The Palghar Lynching: Communalisation in Action
The Palghar Lynching has given the media something new to stoke tensions on as news about the Coronavirus turns stale and other more ‘meatier’ stories are nowhere to be found. Moreover, as the current government grapples with a pandemic and the economic slowdown that preceded it and the predicted shutdown that will happen after it, the Palghar Lynching is just the latest example of political communalisation.
Previously, I’ve criticised the Indian liberal political clique for the subtle nudge they’ve provided to minority communalism but in this case, I find myself standing as a stalwart defender of the liberal reaction.
Accusations of liberal lethargy in reacting to this tragedy is being used as evidence of a minority-bias amongst the ideology, with some alleging that if the victims were indeed minorities the liberal community would be in an uproar, storming social media and flooding the information highway, condemning the government and India with it.

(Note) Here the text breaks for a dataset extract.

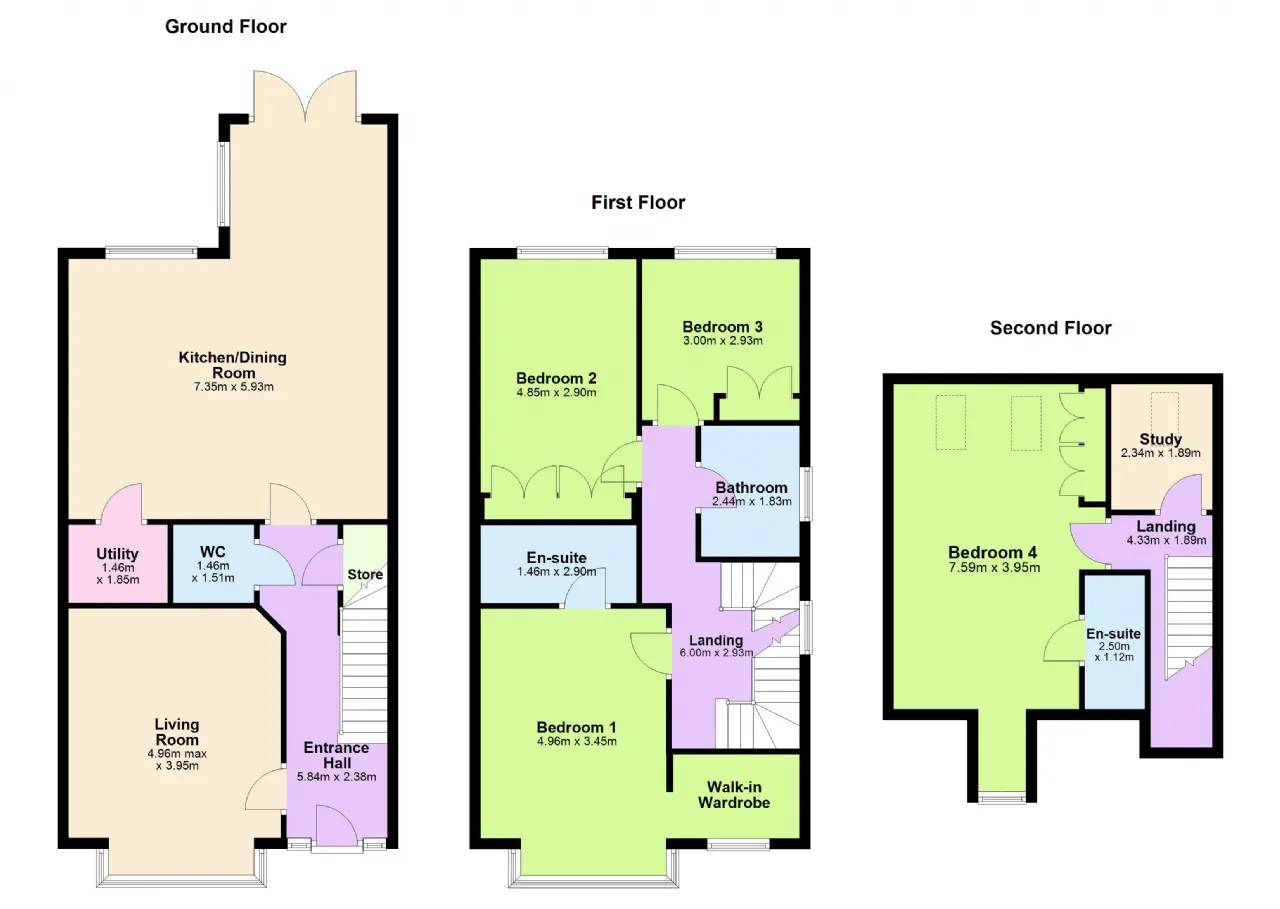 On the first floor, there are three superb bedrooms, including a magnificent master suite with walk-in wardrobe and a beautifully appointed en-suite, together with a luxurious family bathroom. The second floor offers a further exceptionally spacious double bedroom with its own en-suite, along with a large office/study – ideal for remote working or quiet retreat.

The argument itself is laughable, but to really point out the mental gymnastics required to even believe this argument of leftist hypocrisy for more than a fraction of a second, I have to draw comparisons to the best example of left outrage in recent memory, the Dadri Lynching.
The two major distinctions between these two incidents are the motives behind the crime and the demographics of the perpetrators. In the Dadri Lynching case the rumour of cow consumption in the Akhlaq household was targeted specifically towards outraging Hindu religious beliefs, in the Palghar Lynching we see that the accusation itself is universal (child kidnapping) in its ability to outrage.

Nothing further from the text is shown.